**Exercise aim:**
With pictures excluded, copy word for word the lines in the data below from the line containing "Timbre français commémorant" through the line containing "Karen Scott Women's".

**Given data:**

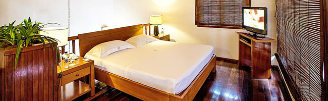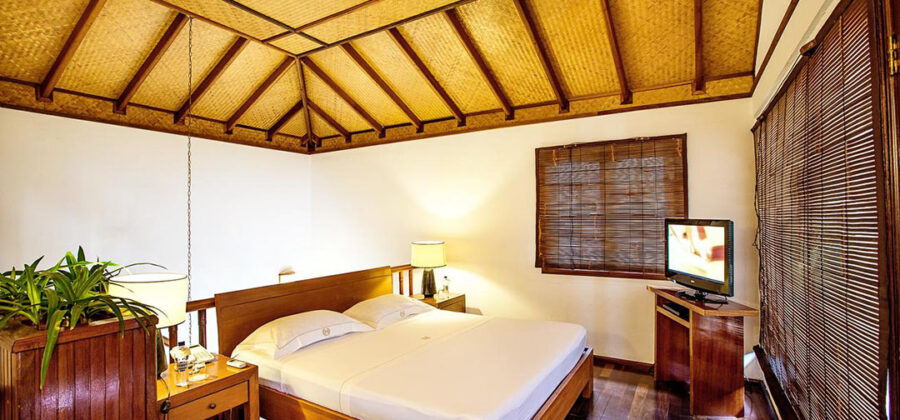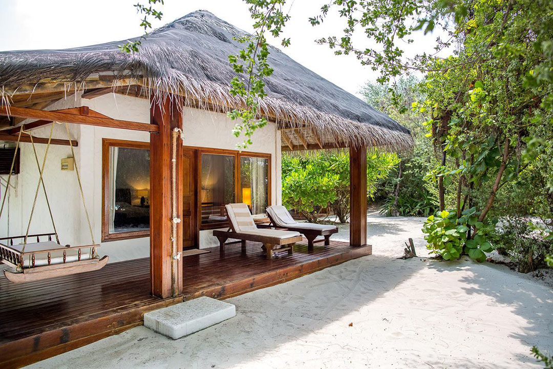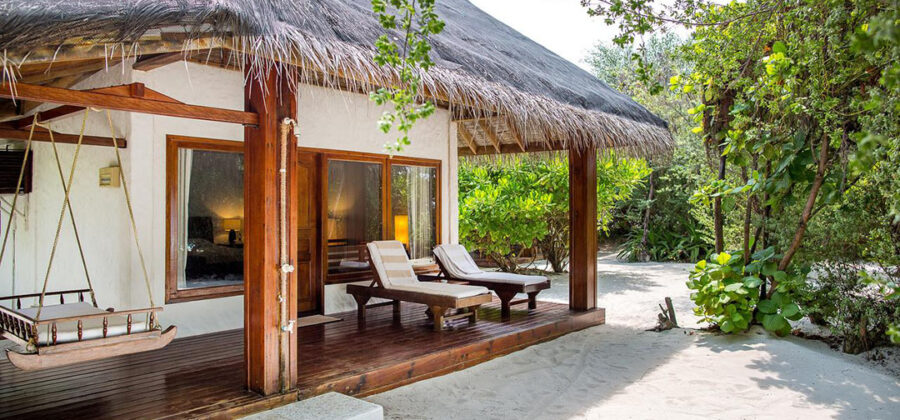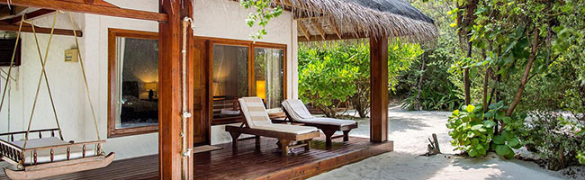 Die Garten Villa ist identisch mit der klassischen Villa im Palm Beach Resort. Der Unterschied besteht darin, dass die Garten Villa im Inselinneren liegt und keinen separaten Strandabschnitt zu bieten hat. Das Inselinnere ist hierbei jedoch auch auf keinen Fall zu verachten, da es mit einer liebevollen gepflegten und üppig gehalten Vegetation aufwarten kann. Wer kein Problem damit hat, ein paar Schritte mehr zum sowieso schon nahe gelegenen Strand zu gehen, um den Geldbeutel ein klein wenig zu schonen, ist mit der komfortablen Garten Villa gut beraten.
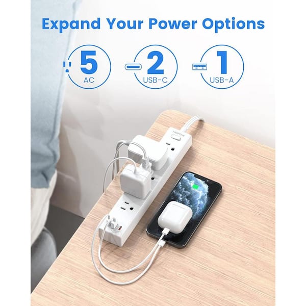 10' Ultra Thin Flat Plug Power Strip Extension Cord, Surge Protector with 5 Outlet, 3-USB Port (2-USB C), 1250W, White
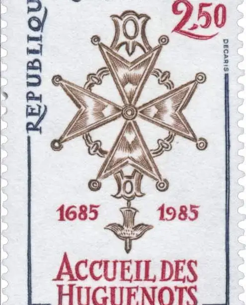 Timbre français commémorant l'accueil des huguenots, en particulier en Suisse.
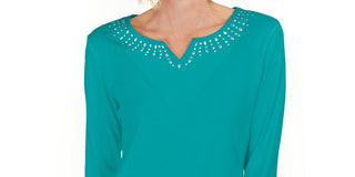 Karen Scott Women's Cotton Studded Split-Neck Top Blue Size Medium
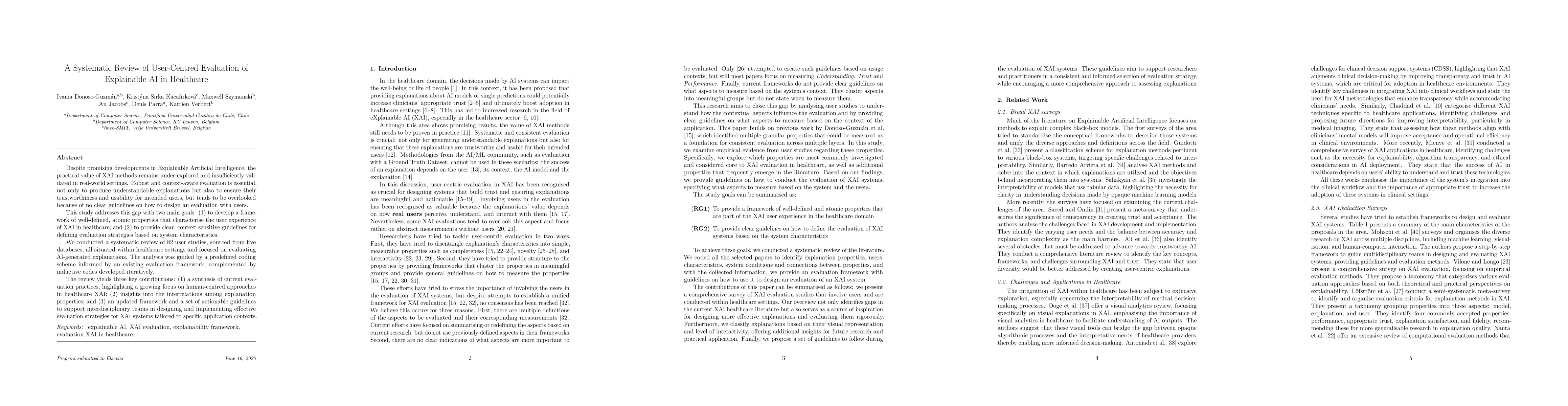 Despite promising developments in Explainable Artificial Intelligence, the practical value of XAI methods remains under-explored and insufficiently validated in real-world settings. Robust and context-aware evaluation is essential, not only to produce understandable explanations but also to ensure their trustworthiness and usability for intended users, but tends to be overlooked because of no clear guidelines on how to design an evaluation with users. This study addresses this gap with two main goals: (1) to develop a framework of well-defined, atomic properties that characterise the user experience of XAI in healthcare; and (2) to provide clear, context-sensitive guidelines for defining evaluation strategies based on system characteristics. We conducted a systematic review of 82 user studies, sourced from five databases, all situated within healthcare settings and focused on evaluating AI-generated explanations. The analysis was guided by a predefined coding scheme informed by an existing evaluation framework, complemented by inductive codes developed iteratively. The review yields three key contributions: (1) a synthesis of current evaluation practices, highlighting a growing focus on human-centred approaches in healthcare XAI; (2) insights into the interrelations among explanation properties; and (3) an updated framework and a set of actionable guidelines to support interdisciplinary teams in designing and implementing effective evaluation strategies for XAI systems tailored to specific application contexts.
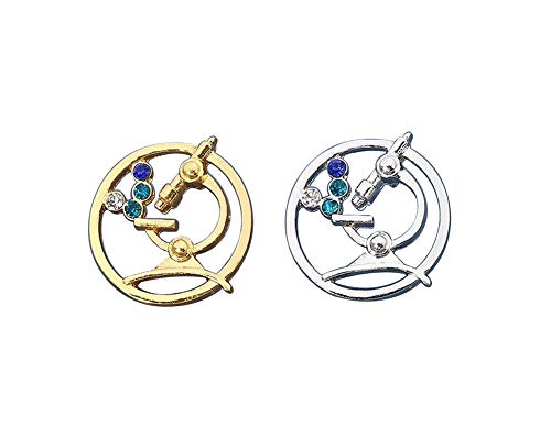 Set di 2 spilli tondi Microscopio Laboratoire Science Acciaio Dorato e Argento
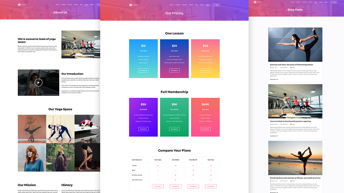 Yoga comes with several inner pages built inside the template.
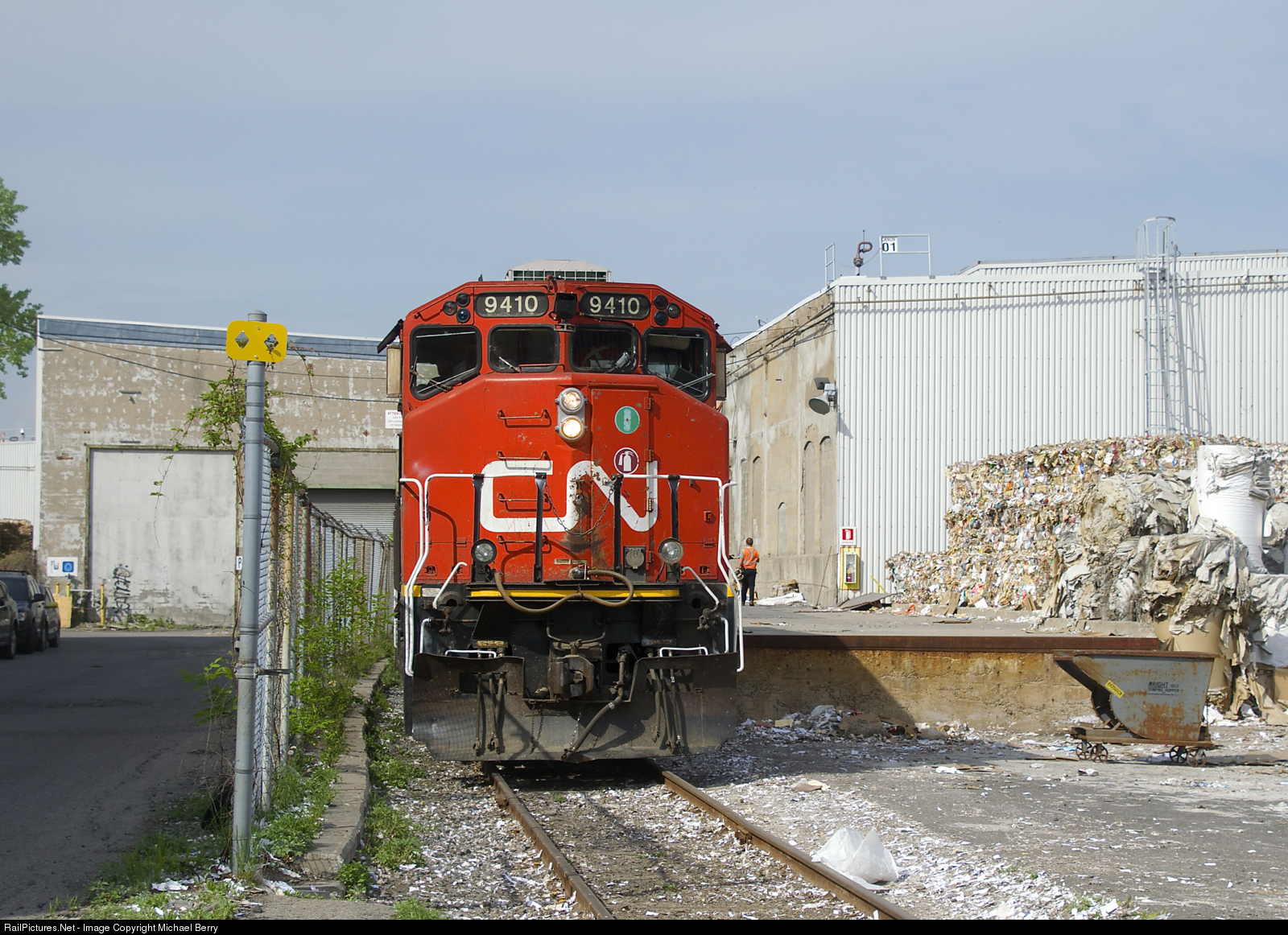 | The Pointe St-Charles switcher is setting off boxcars at the Kruger recycling plant, located at the end of the short Turcot Holding Spur. The conductor can be seen walking back so he can inspect the cars to make sure that they are properly secured and that their are no objects stuck between the cars and the dock. |

**Answer space:**
 Timbre français commémorant l'accueil des huguenots, en particulier en Suisse.
 Karen Scott Women's Cotton Studded Split-Neck Top Blue Size Medium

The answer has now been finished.